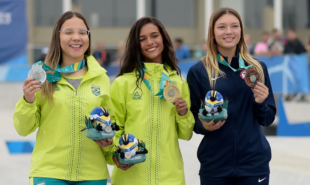 O Brasil conquistou na manhã deste sábado (21) as suas primeiras medalhas nos Jogos Pan-americanos de Santiago (Chile). O destaque foi o ouro de Rayssa Leal no skate street, prova disputada na Explanada de Deportes Urbanos, no Estádio Nacional de Santiago, e na qual Pâmela Rosa ficou com a Prata.
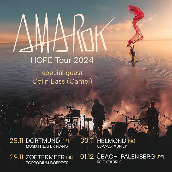 Am 26.11.2024 startete die polnische Band AMAROK eine vier Konzerte umfassende Tour durch Deutschland und die Niederlande. Der erste Auftritt fand im Musiktheater Piano in Dortmund statt, zuvor hatten sie aber auch schon einen Gig in Polen. In Dortmund hatten sie den britischen Gitarristen und Sänger Colin Bass dabei, der schon auf zwei ihrer Alben bei Stücken mitgewirkt hat und auf der Tour zwei Stücke mit ihnen gemeinsam sang. Er agierte auch als Supportact und bestritt die ersten 45 Minuten Solo. Die Konzertbesprechungen inkl. Fotos könnt ihr unter den folgenden Links einsehen: |
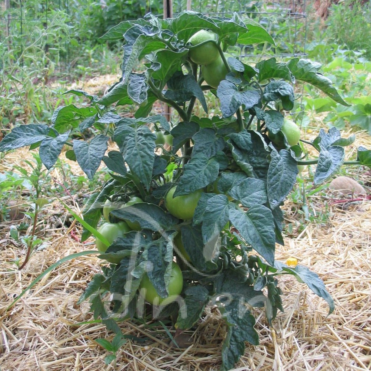 Étonnante variété créée par Pascal Poot dans l'Hérault. Les plants ne dépassent pas 60cm de haut et se tiennent sans tuteur comme un petit arbre. Les fruits rouges sont de belle taille (5 à 7 cm) relativement à celle du plant. Particulièrement résistante à la sécheresse, elle peut aisément se cultiver en pot
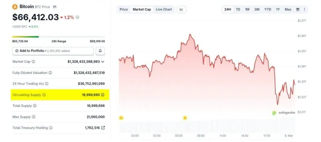 With a current price of $66.412 and a dominant presence in the global market—with a market capitalization exceeding $1,3 trillion—the leading cryptocurrency confirms that 95,2% of its total supply is now available. This milestone leaves just one million BTC pending issuancea minimum reserve that will be distributed in dribs and drabs over the next century.
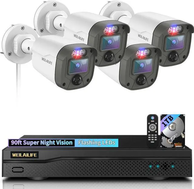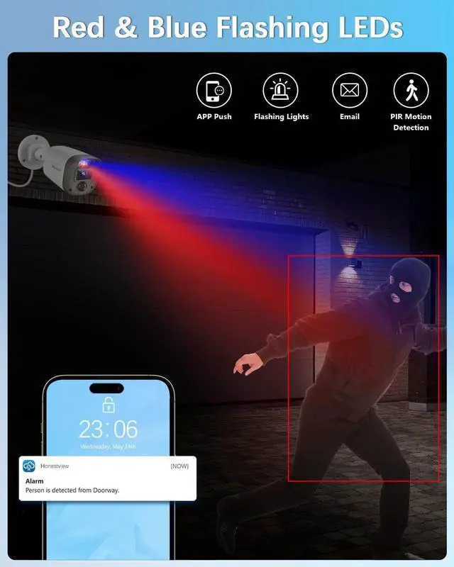 Red & Blue Flashing LEDsThis outdoor wired security camera system features a red and blue strobe light that activates when the PIR sensor detects motion. Whether it's day or night, the red and blue lights will flash for 15 seconds upon sensing any movement, providing a clear visual alert to potential intruders. This added security feature enhances the home security camera system's ability to deter unwanted activity around your property.
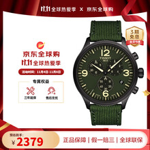 天梭(TISSOT)瑞士手表 速驰系列石英男表计时运动防水男士手表 送男友礼物 织物绿盘T116.617.37.097.00
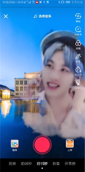 这时在热门分类下即可看到背景穿越特效,也可以点击左下角加号按钮上传图片来更换背景,选择好后点击底部按钮之后就可以进行拍摄了。
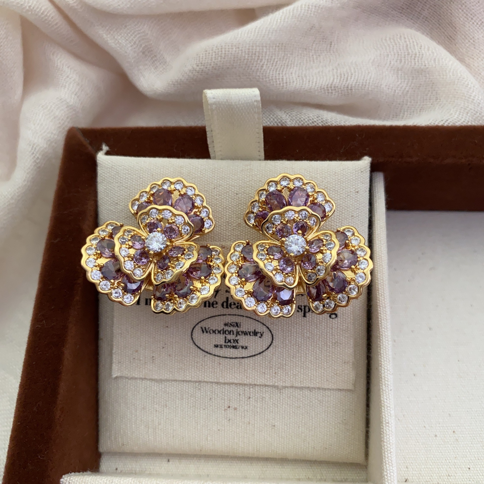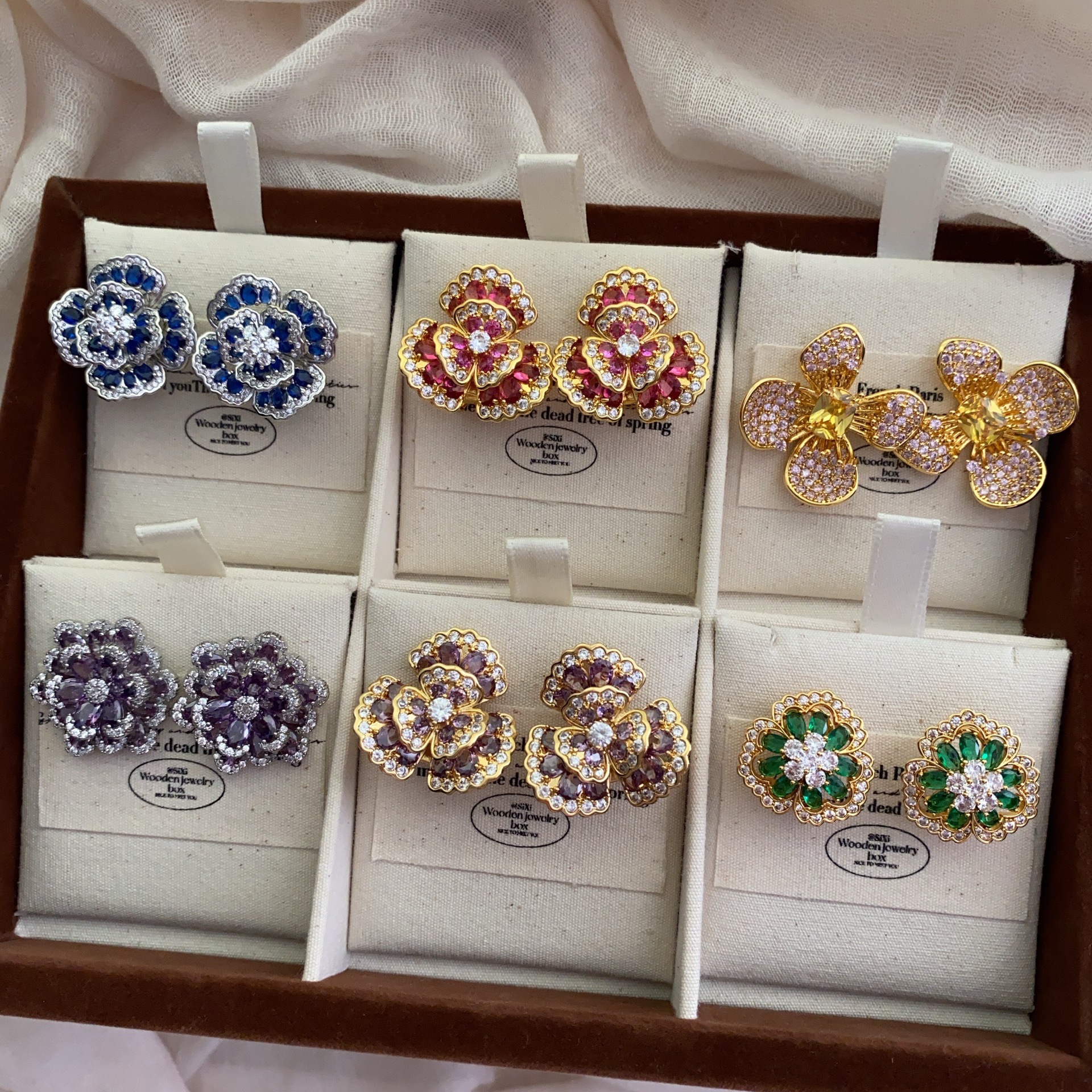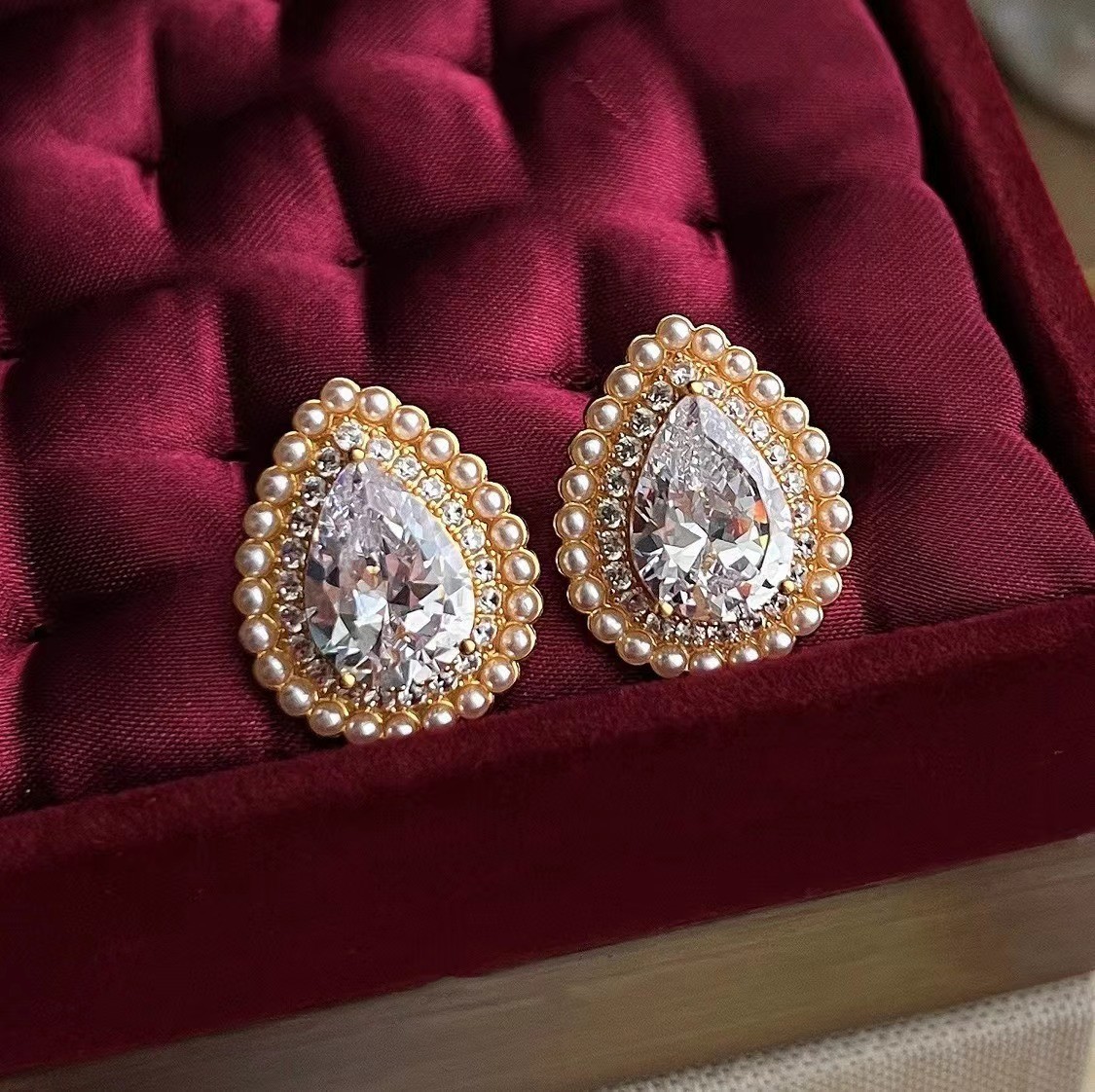 法式复古轻奢精致超闪简约锆石耳扣多色气质小众批发时尚耳钉耳环
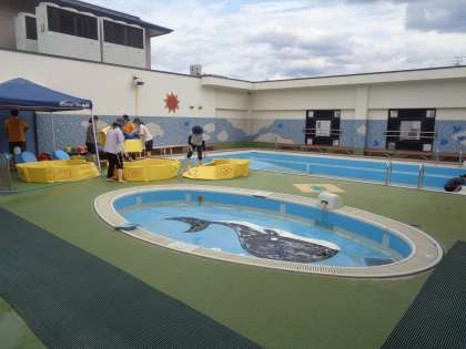 プールを先生たちみんなできれいに掃除して,水遊びをする用意ができました。来週には元気いっぱいプールで遊びたいと思います。楽しみに待っていてね!
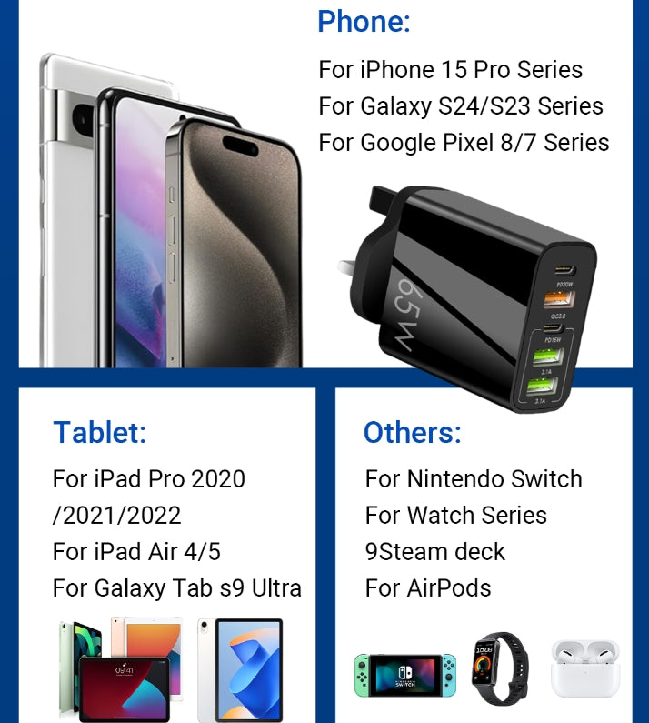 🎉Ventes chaudes - 50 % de réduction👍[Cadeau pratique] Chargeur rapide 65 W à ports multiples 5 en 1
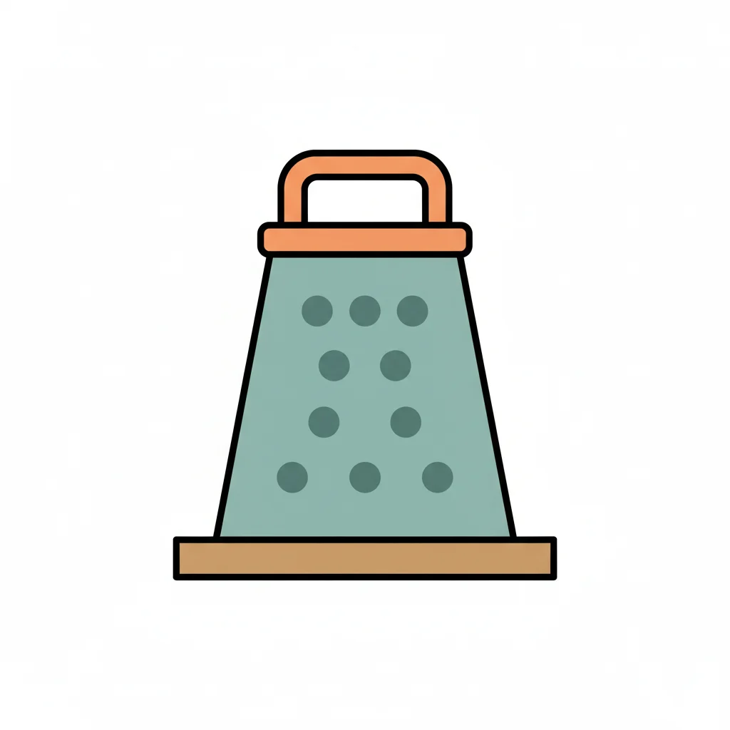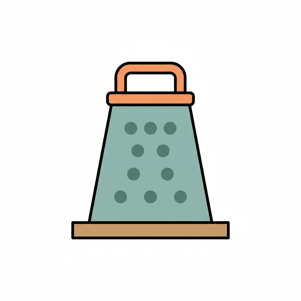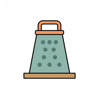 Ein bunter Küchenreibe mit Löchern und einem Griff.

□ □ □

▸ **Task to complete**
Please write out exactly, and only, the lines from the beginning of the entries through the line containing "Étonnante variété créée", including both and skipping all pictures.

▸ **Result for this task**
 O Brasil conquistou na manhã deste sábado (21) as suas primeiras medalhas nos Jogos Pan-americanos de Santiago (Chile). O destaque foi o ouro de Rayssa Leal no skate street, prova disputada na Explanada de Deportes Urbanos, no Estádio Nacional de Santiago, e na qual Pâmela Rosa ficou com a Prata.
 Am 26.11.2024 startete die polnische Band AMAROK eine vier Konzerte umfassende Tour durch Deutschland und die Niederlande. Der erste Auftritt fand im Musiktheater Piano in Dortmund statt, zuvor hatten sie aber auch schon einen Gig in Polen. In Dortmund hatten sie den britischen Gitarristen und Sänger Colin Bass dabei, der schon auf zwei ihrer Alben bei Stücken mitgewirkt hat und auf der Tour zwei Stücke mit ihnen gemeinsam sang. Er agierte auch als Supportact und bestritt die ersten 45 Minuten Solo. Die Konzertbesprechungen inkl. Fotos könnt ihr unter den folgenden Links einsehen: |
 Étonnante variété créée par Pascal Poot dans l'Hérault. Les plants ne dépassent pas 60cm de haut et se tiennent sans tuteur comme un petit arbre. Les fruits rouges sont de belle taille (5 à 7 cm) relativement à celle du plant. Particulièrement résistante à la sécheresse, elle peut aisément se cultiver en pot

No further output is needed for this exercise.